--- START ---
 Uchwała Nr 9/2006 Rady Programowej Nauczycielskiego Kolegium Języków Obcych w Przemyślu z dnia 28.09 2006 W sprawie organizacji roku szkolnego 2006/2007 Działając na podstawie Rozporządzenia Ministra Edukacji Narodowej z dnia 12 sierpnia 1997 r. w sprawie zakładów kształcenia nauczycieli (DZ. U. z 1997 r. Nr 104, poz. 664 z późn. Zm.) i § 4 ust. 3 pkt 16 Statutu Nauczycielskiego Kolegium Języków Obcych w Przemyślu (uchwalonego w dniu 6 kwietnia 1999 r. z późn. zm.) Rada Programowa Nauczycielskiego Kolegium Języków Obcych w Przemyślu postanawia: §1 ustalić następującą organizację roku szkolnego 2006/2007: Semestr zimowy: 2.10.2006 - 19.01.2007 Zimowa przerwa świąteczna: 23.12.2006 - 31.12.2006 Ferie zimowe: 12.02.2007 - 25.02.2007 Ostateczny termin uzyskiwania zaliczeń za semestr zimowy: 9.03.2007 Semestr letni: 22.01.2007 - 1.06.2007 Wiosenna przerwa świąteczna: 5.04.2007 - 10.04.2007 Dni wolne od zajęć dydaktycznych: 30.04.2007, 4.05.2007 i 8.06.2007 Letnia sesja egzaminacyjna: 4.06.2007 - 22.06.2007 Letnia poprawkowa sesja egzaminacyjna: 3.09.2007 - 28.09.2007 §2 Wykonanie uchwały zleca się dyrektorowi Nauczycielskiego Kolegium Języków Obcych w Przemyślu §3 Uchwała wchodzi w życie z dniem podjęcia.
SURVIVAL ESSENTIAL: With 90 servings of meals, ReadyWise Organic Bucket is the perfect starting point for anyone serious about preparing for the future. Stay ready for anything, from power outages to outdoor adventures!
--- END ---
--- START ---
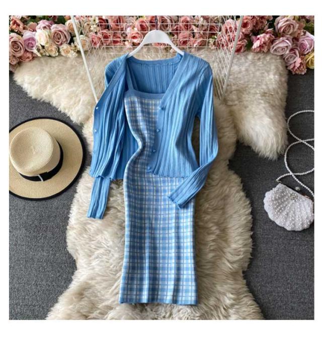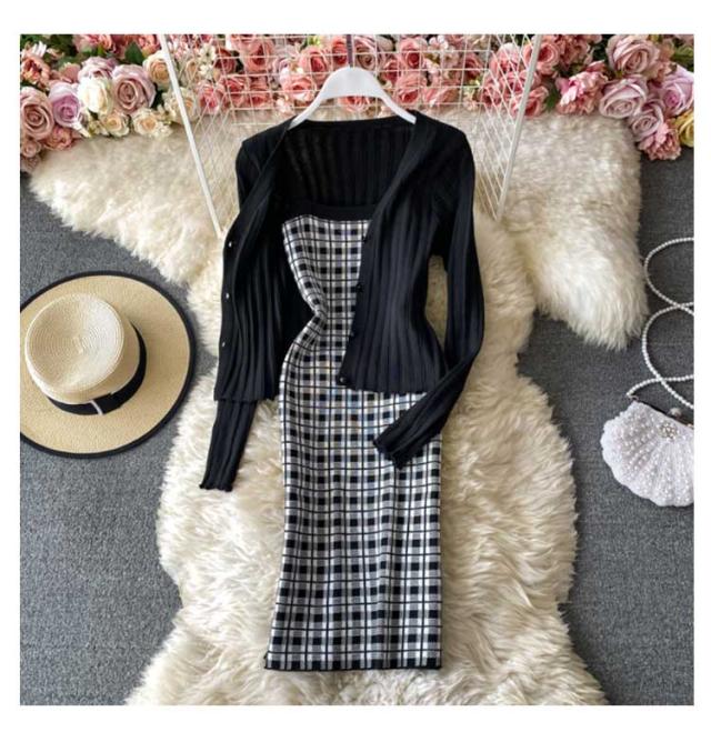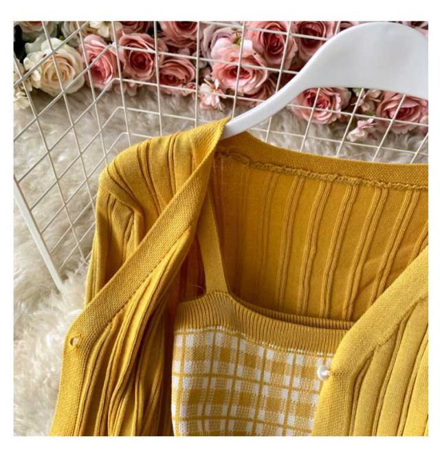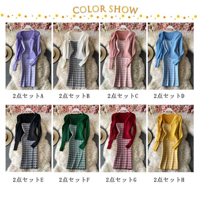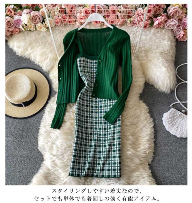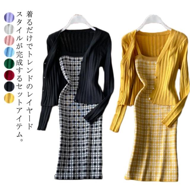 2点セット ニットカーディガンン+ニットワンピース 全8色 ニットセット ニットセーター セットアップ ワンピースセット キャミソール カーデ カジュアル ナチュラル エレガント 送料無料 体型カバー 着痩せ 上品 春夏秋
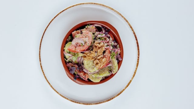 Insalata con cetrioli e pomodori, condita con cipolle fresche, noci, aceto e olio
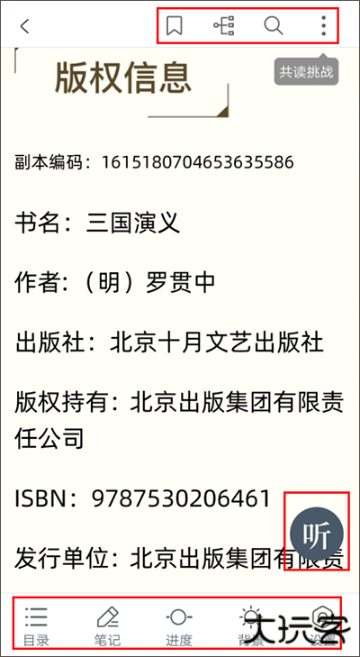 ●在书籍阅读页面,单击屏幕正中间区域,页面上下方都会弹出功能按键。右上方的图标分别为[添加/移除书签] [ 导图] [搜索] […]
--- END ---
Look above for the line containing "Uchwała Nr 9/2006" and the line containing "SURVIVAL ESSENTIAL: With". Transcribe both, with the lines between them, exactly.

 Uchwała Nr 9/2006 Rady Programowej Nauczycielskiego Kolegium Języków Obcych w Przemyślu z dnia 28.09 2006 W sprawie organizacji roku szkolnego 2006/2007 Działając na podstawie Rozporządzenia Ministra Edukacji Narodowej z dnia 12 sierpnia 1997 r. w sprawie zakładów kształcenia nauczycieli (DZ. U. z 1997 r. Nr 104, poz. 664 z późn. Zm.) i § 4 ust. 3 pkt 16 Statutu Nauczycielskiego Kolegium Języków Obcych w Przemyślu (uchwalonego w dniu 6 kwietnia 1999 r. z późn. zm.) Rada Programowa Nauczycielskiego Kolegium Języków Obcych w Przemyślu postanawia: §1 ustalić następującą organizację roku szkolnego 2006/2007: Semestr zimowy: 2.10.2006 - 19.01.2007 Zimowa przerwa świąteczna: 23.12.2006 - 31.12.2006 Ferie zimowe: 12.02.2007 - 25.02.2007 Ostateczny termin uzyskiwania zaliczeń za semestr zimowy: 9.03.2007 Semestr letni: 22.01.2007 - 1.06.2007 Wiosenna przerwa świąteczna: 5.04.2007 - 10.04.2007 Dni wolne od zajęć dydaktycznych: 30.04.2007, 4.05.2007 i 8.06.2007 Letnia sesja egzaminacyjna: 4.06.2007 - 22.06.2007 Letnia poprawkowa sesja egzaminacyjna: 3.09.2007 - 28.09.2007 §2 Wykonanie uchwały zleca się dyrektorowi Nauczycielskiego Kolegium Języków Obcych w Przemyślu §3 Uchwała wchodzi w życie z dniem podjęcia.
SURVIVAL ESSENTIAL: With 90 servings of meals, ReadyWise Organic Bucket is the perfect starting point for anyone serious about preparing for the future. Stay ready for anything, from power outages to outdoor adventures!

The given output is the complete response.